The Repository Connection status says "Connection working", but : 

1/ Datafari is copying a lot of data in the /tmp folder. Is it copying every video file there? When the server is full, it flushes the tmp folder, but indexation in then very very slow.
2/ After a while, the whole system is failing : 
We end with Giga octets of logs in the /opt/datafari/mcf/mcf_home/nohup.out file with thousands of messages like :

[main-SendThread(localhost:2181)] WARN org.apache.zookeeper.ClientCnxn - Session 0x0 for server null, unexpected error, closing socket connection and attempting reconnect
java.net.ConnectException: Connection refused
        at sun.nio.ch.SocketChannelImpl.checkConnect(Native Method)
        at sun.nio.ch.SocketChannelImpl.finishConnect(SocketChannelImpl.java:717)
        at org.apache.zookeeper.ClientCnxnSocketNIO.doTransport(ClientCnxnSocketNIO.java:361)
        at org.apache.zookeeper.ClientCnxn$SendThread.run(ClientCnxn.java:1141)
[main-SendThread(localhost:2181)] INFO org.apache.zookeeper.ClientCnxn - Opening socket connection to server localhost/127.0.0.1:2181. Will not attempt to authenticate using SASL (unknown error)

or 
[Crawler idle cleanup thread-SendThread(localhost:2181)] INFO org.apache.zookeeper.ClientCnxn - Opening socket connection to server localhost/127.0.0.1:2181. Will not attempt to authentic
ate using SASL (unknown error)
[Worker thread '27'-SendThread(localhost:2181)] INFO org.apache.zookeeper.ClientCnxn - Opening socket connection to server localhost/127.0.0.1:2181. Will not attempt to authenticate using
SASL (unknown error)
[Worker thread '27'-SendThread(localhost:2181)] WARN org.apache.zookeeper.ClientCnxn - Session 0x16c72292007004a for server null, unexpected error, closing socket connection and attemptin
g reconnect
java.net.ConnectException: Connection refused
at sun.nio.ch.SocketChannelImpl.checkConnect(Native Method)
at sun.nio.ch.SocketChannelImpl.finishConnect(SocketChannelImpl.java:717)
at org.apache.zookeeper.ClientCnxnSocketNIO.doTransport(ClientCnxnSocketNIO.java:361)
at org.apache.zookeeper.ClientCnxn$SendThread.run(ClientCnxn.java:1141)

or...


The question is simple : What have we done wrong? :)
Subsidiary question : What do you need to examine this problem (config files, etc?) 

Thanks for your help!

Sam Zas

unread,
Sep 2, 2019, 11:34:41 AM9/2/19
to Datafari
Hello,

could anyone help me on this point?

Thanks a lot!

Sam

Olivier Tavard

unread,
Sep 3, 2019, 2:07:29 AM9/3/19
to Datafari
Hello,

Sorry for the late answer. And thank you for your detailed use case.

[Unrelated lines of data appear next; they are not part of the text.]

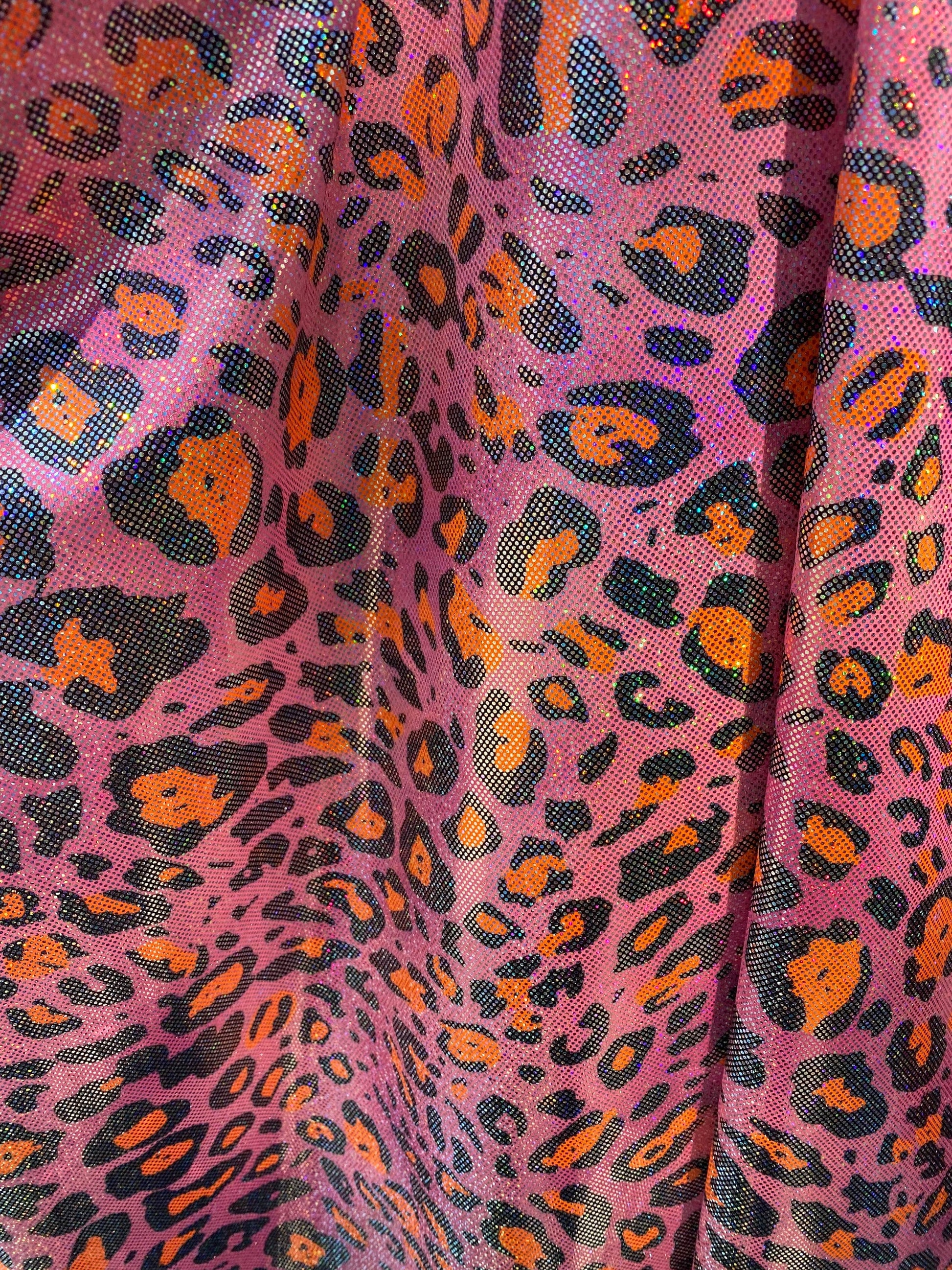 Hologram exotic leopard design metallic nylon spandex 4-way stretch 58/60” Sold by the YD. Ships worldwide from Los Angeles California USA.
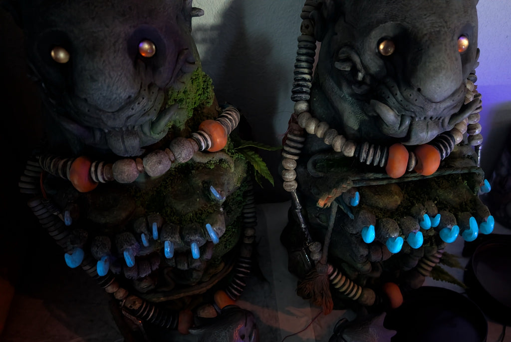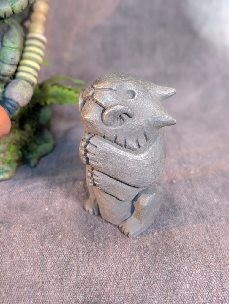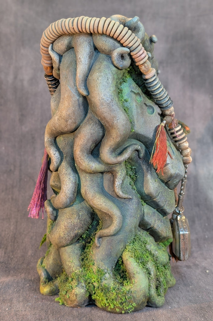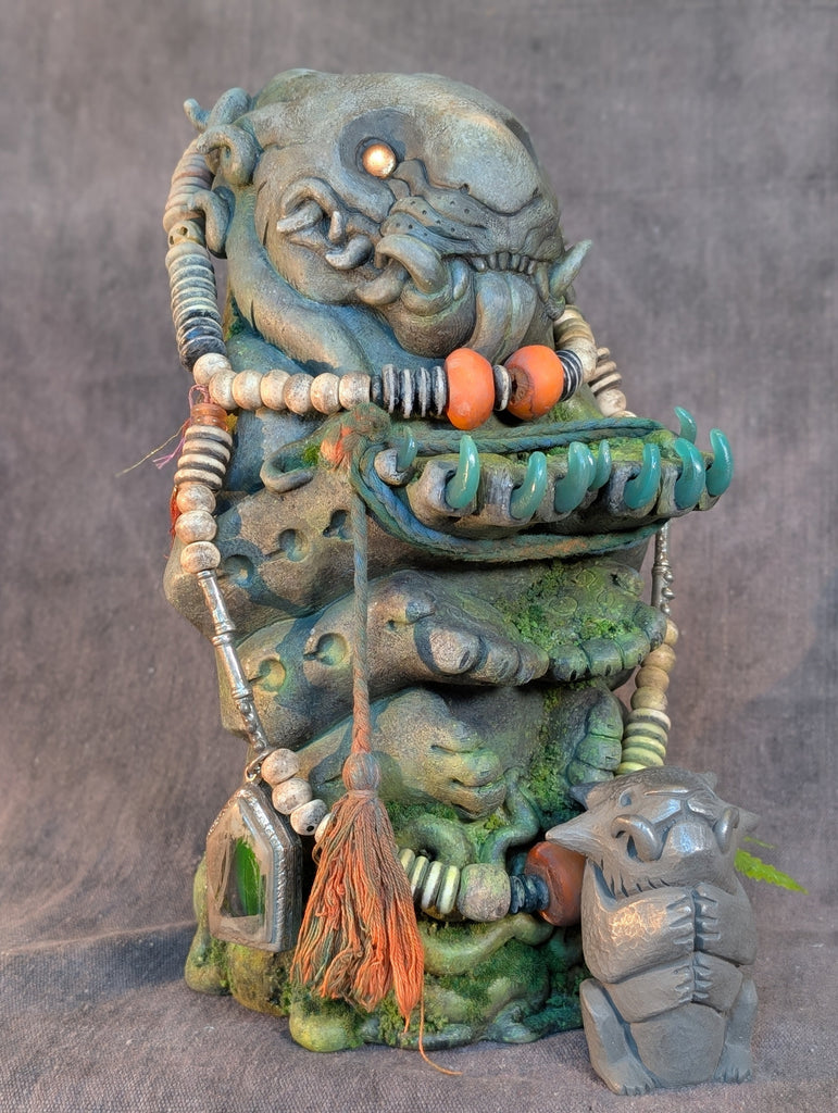 The Waypoint Watcher is a 12" urethane hollow cast. It has been sculpted to look like stone but is not actual stone. This is a finished sculpture that is hand painted and decorated with faux moss/fern accents. The necklaces are made from bone, wood and glass beads.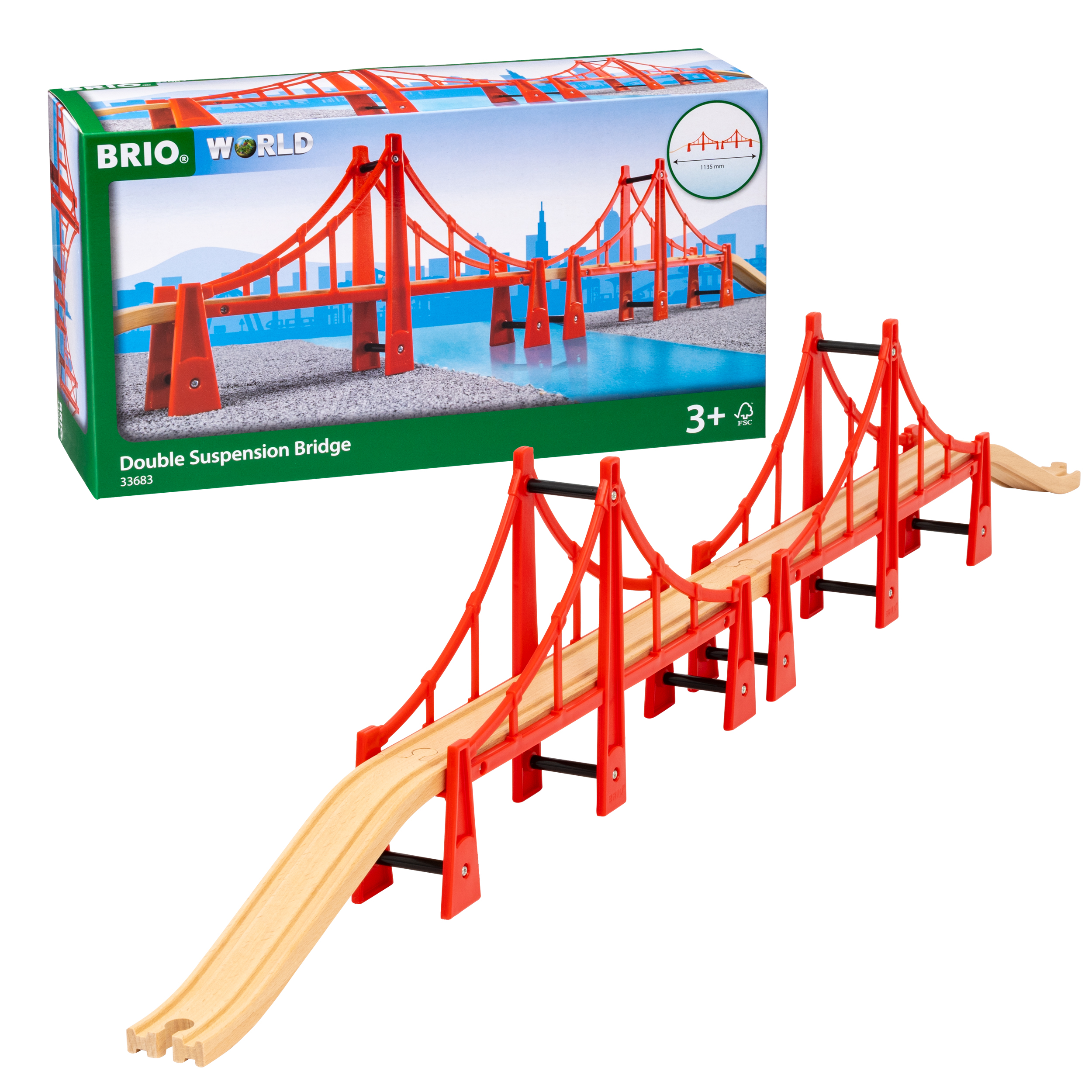 Lang Hængebro fra BRIO er en spændende tilføjelse til ethvert tog- eller bilsæt for børn fra 3 år og op. Denne imponerende hængebro strækker sig over en længde på over 1 meter, hvilket giver mulighed for kreativ leg og konstruktion. Den består af to bromoduler, der kan samles for at skabe en stabil og underholdende passage for tog eller biler.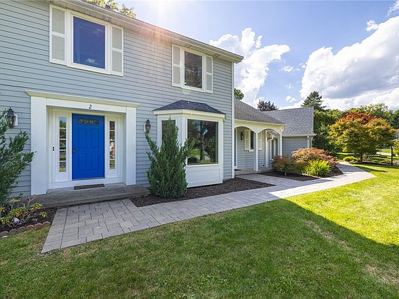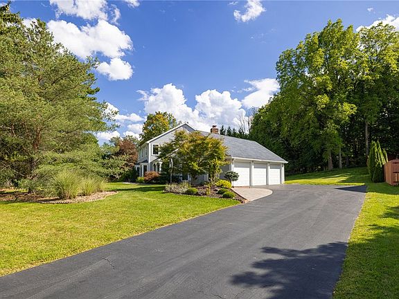 Welcome to a rare opportunity to own a beautifully maintained 5-bedroom, 2.5-bath colonial in the heart of Pittsford. Offering over 2,700 sq. ft., plus 600 sq. ft. in the finished basement for a total of 3,040 sq. ft. of living space, this home has been lovingly cared for by the same owner for more than 30 years, w/ character and warmth evident throughout. Step inside to a bright, functional layout featuring a fully custom renovated kitchen (2006) & an expanded pantry/laundry room (2007). Kitchen perfect for family meals & entertaining, w/ beautiful granite countertops, abundant storage, & a high-performance exhaust vent. The foyer & hallways showcase gleaming hardwood floors that extend throughout the home. The spacious primary suite includes a completely remodeled bathroom (2008), while the finished basement—featuring brand-new carpet (2025) and a large cedar closet—offers abundant space for work, play, or relaxation. A first-floor room provides flexible use as a home office or in-law suite, adding to the home’s versatility. Significant system upgrades provide peace of mind: high-efficiency furnace and commercial-grade AC (2010), new windows (2010), water heater (2020), and a full tear-off roof replacement with GAF materials (2019). Exterior improvements include new garage doors, Trex deck, fresh exterior paint, paver walkway, and a French drain system. Radon testing was recently completed with excellent results. A spacious 3-car garage adds convenience and extra storage. The home sits on a picturesque, park-like lot with mature landscaping and a private backyard retreat. Outdoor enthusiasts will enjoy nearby walking trails, Thornell Park, and easy access to local shops and restaurants. Thornell Road Elementary is easily walkable, making this location ideal for families combining comfort, convenience, and outdoor enjoyment in one of Pittsford’s most desirable neighborhoods. Truly a move-in-ready home, meticulously cared for, with a thoughtful layout designed for entertaining, family living, & everyday comfort. Don’t miss this opportunity! Open House: Saturday 11a–12p & Sunday 1p–2p. Delayed Negotiation: Tuesday, September 9 @ 2 PM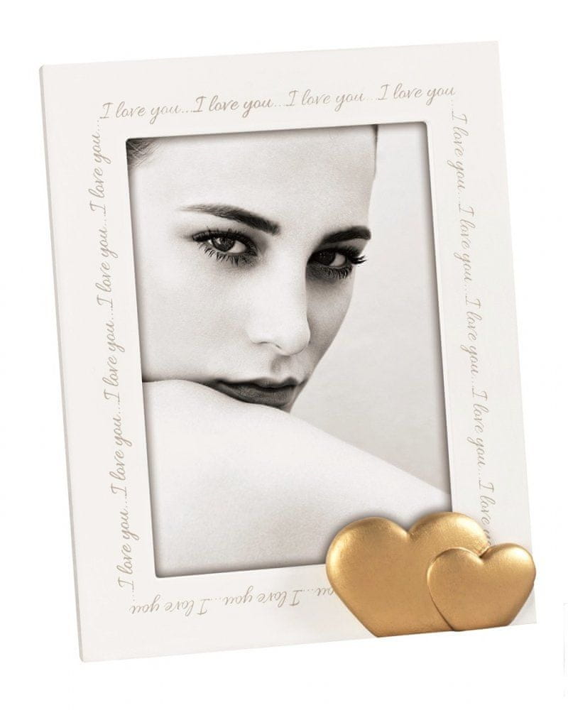 Visokokvalitetni drveni okvir za fotografije dimenzija 13×18cm talijanske tvrtke Mascagni.Primjena dva srca u zlatnoj boji na donjoj traci. Pakirano u poklon kutiju. Za portretno stajanje.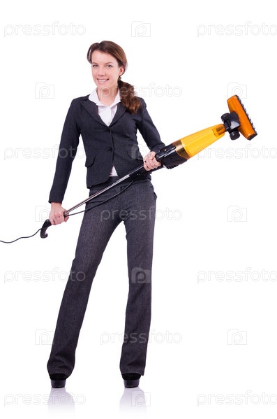 Молодая женщина с пылесосом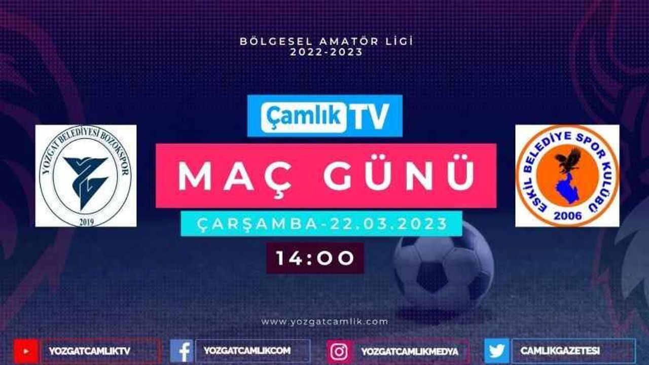Yozgat Şehir Statyumu Dış sahada 22 Mart 2023 Çarşamba günü 14.00'da başlayacak olan - Yozgat Belediyesi Bozokspor- Eskil Belediyespor maçı Yozgat Çamlık Tv ekranlarında Barış Akot'un sunumu ile gerçekleşecek.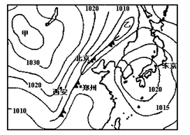 (1)影响甲处的天气系统是___________,在该系统的控制下,甲处的天气特点是___________。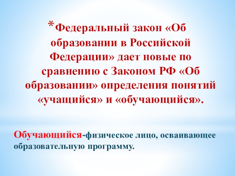 с Законом РФ «Об образовании» определения понятий «учащийся» и «обучающийся».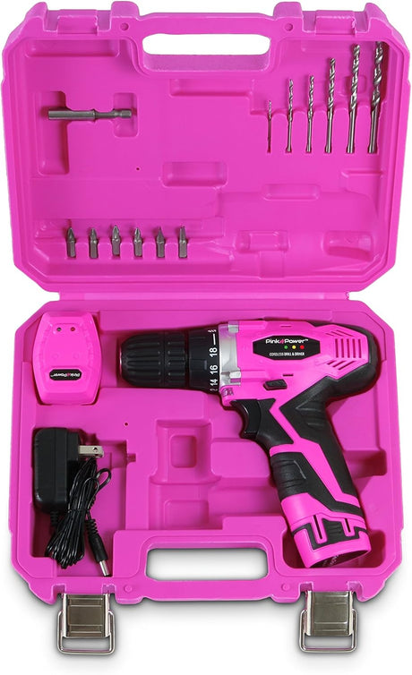 Pink Power Kit de Herramienta de Taladro-Destornillador Inalámbrico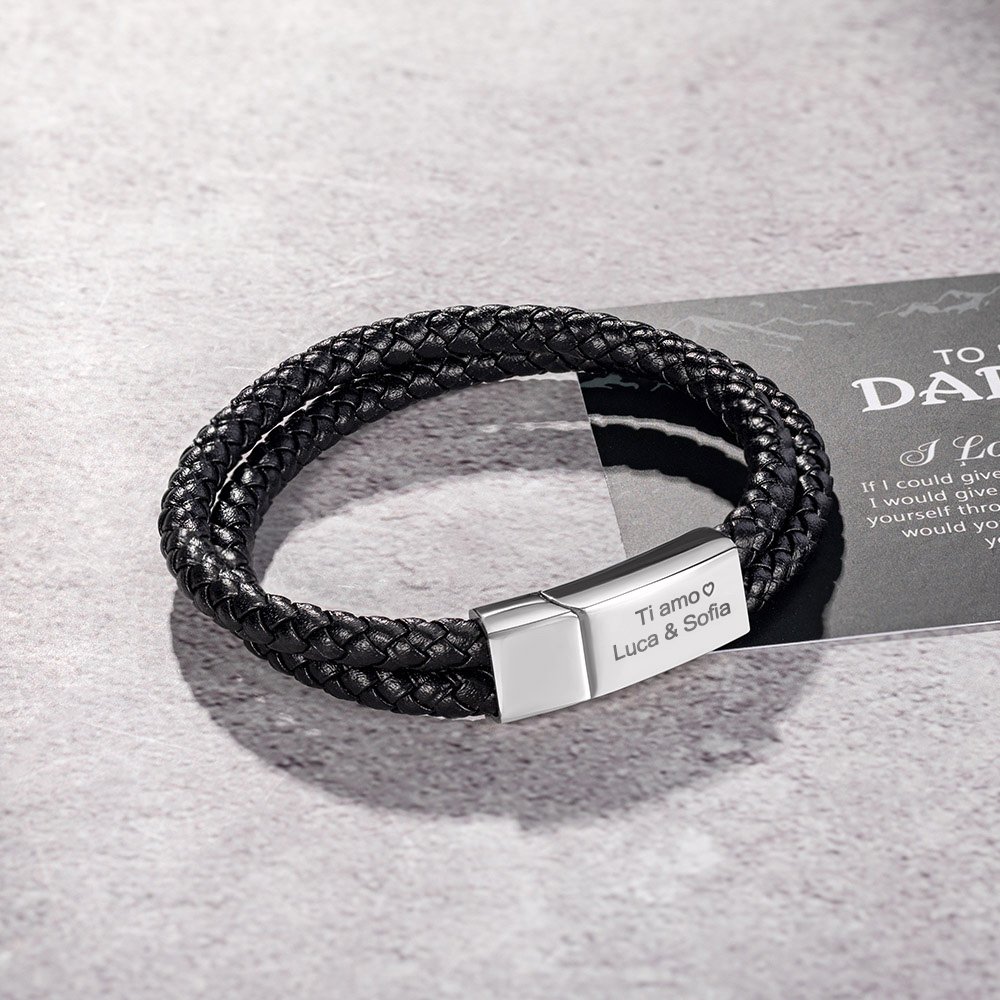 Questo bracciale classico in pelle intrecciata non è solo un semplice accessorio, ma un regalo unico e premuroso. Il testo inciso personalizzato aggiunge un tocco di stile e personalità, rendendolo perfetto per completare qualsiasi abbigliamento.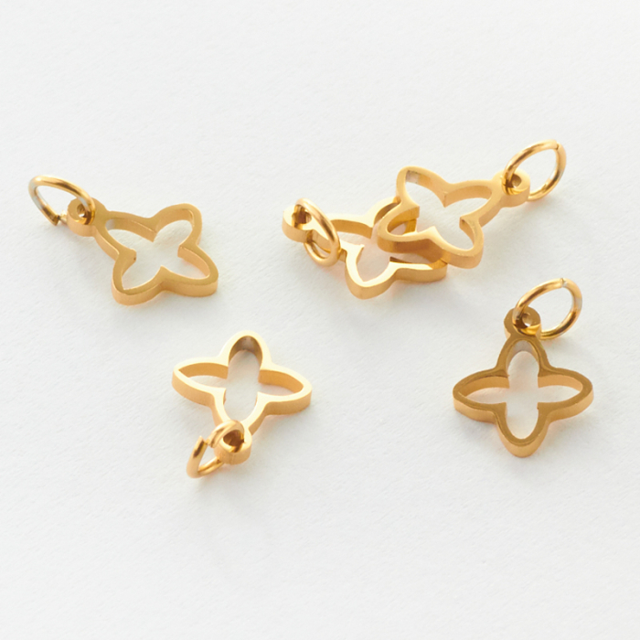 Zawieszka ze stali chirurgicznej koniczyna marokańska w kolorze złotym 13mmTo dopracowany produkt ze stali szlachetnej, który łączy praktyczność z estetycznym wyglądem. Stal szlachetna jest ceniona za odporność na korozję i estetyczny wygląd w codziennym użytkowaniu.Zawieszka ze stali szlachetnej to dekoracyjny element, który nadaje biżuterii charakteru i pozwala tworzyć spersonalizowane projekty. Świetnie sprawdza się w naszyjnikach, bransoletkach, kolczykach oraz drobnych charmsach.Forma lub motyw
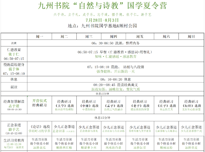 九州书院“自然与诗教”国学夏令营,以国学经典与诗教为核心,以自然教育、艺术教育、礼仪教育和生活教育为四翼,在这个夏令营里,孩子们将深度学习国学经典与诗词美文,学习中国文化中的大智慧,养正心性;在这里孩子们将接受书法、国画、健身等艺术教育,让孩子在这里学习体验以生命修养为核心的各种艺术形式;在这里孩子们将接受系统的礼仪教育,学会待人接物,如何遵守社交规范;在这里,孩子们在大自然里畅怀、探索、观察、运动、游戏,寓教于乐,涵养身心;在这里让孩子们体验生活教育,学厨艺,自己做菜,感受生活之趣。在这里,我们一起观影,聆听夏夜之声,赏夏夜的星空、明月,感受夏夜凉爽之风,自由分享所得所思。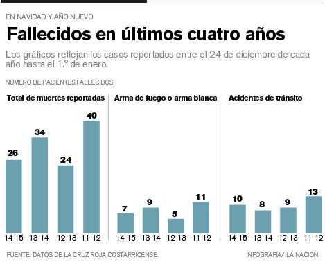 Un total de 26 personas falleció entre el 24 de diciembre del 2014 y el 1.° de enero de este año, según reportes de la Cruz Roja.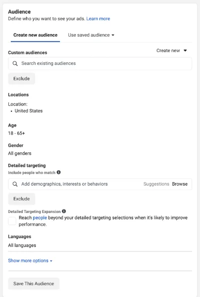 当你查看 Meta 广告中的受众控制(Audience Control)仪表盘时,会发现即便是在使用 Advantage+ 的情况下,你仍然可以通过多种方式进行手动受众定向。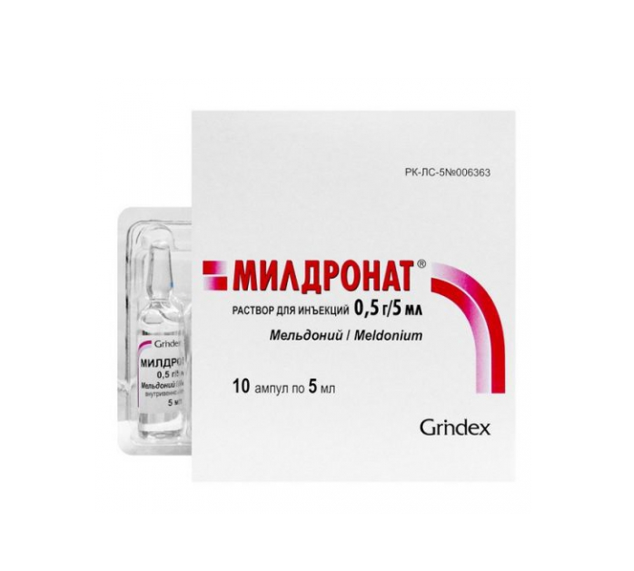 По 0,5 г (5 мл препарата МИЛДРОНАТ®) в/м или в/в 2 раза в день. Курс лечения — 7–10 дней.

- Could you tell me the total number of files that you want to index into Datafari ?
- Did you change the default settings of RAM for the different components of Datafari especially MCF and Solr ?
- For the /tmp folder, what size do you have on your system for that partition ? You can change the default location (/tmp) by another one into /opt/datafari/tomcat-mcf/bin/setenv.sh, change the line :
JAVA_OPTS="-Duser.timezone=UTC"
by :
JAVA_OPTS="-Duser.timezone=UTC -Djava.io.tmpdir=/PATH_TO_OTHER_TMP_FOLDER"
- Just to be sure : do you need to index the video files or only the data files like xls, doc, pdf etc... ? If you just need to index data files you can skip the video files into the job configuration.
If you need to index both, my recommandation would be to increase the amount of RAM for the system. 8 GB is not enough if you need to index very big files. 16 GB would be better.
- What is the size of your  SWAP size into the system ?

Best regards,

Olivier

Samuel Zaslavsky

unread,
Sep 5, 2019, 5:46:55 AM9/5/19
to Olivier Tavard, Datafari
Hello Olivier,

Thank you for you answer!
Please find below my answers to your questions :


- Could you tell me the total number of files that you want to index into Datafari ?

Hard to say exactly but let's say dozens of thousands of files. Size are from 100MB to 50GB.
 
- Did you change the default settings of RAM for the different components of Datafari especially MCF and Solr ?

No. But I checked those settings and found ( wrongly?) that they were correct according to our configuration and your recommendations.
 
- For the /tmp folder, what size do you have on your system for that partition ? You can change the default location (/tmp) by another one into /opt/datafari/tomcat-mcf/bin/setenv.sh, change the line :
JAVA_OPTS="-Duser.timezone=UTC"
by :
JAVA_OPTS="-Duser.timezone=UTC -Djava.io.tmpdir=/PATH_TO_OTHER_TMP_FOLDER"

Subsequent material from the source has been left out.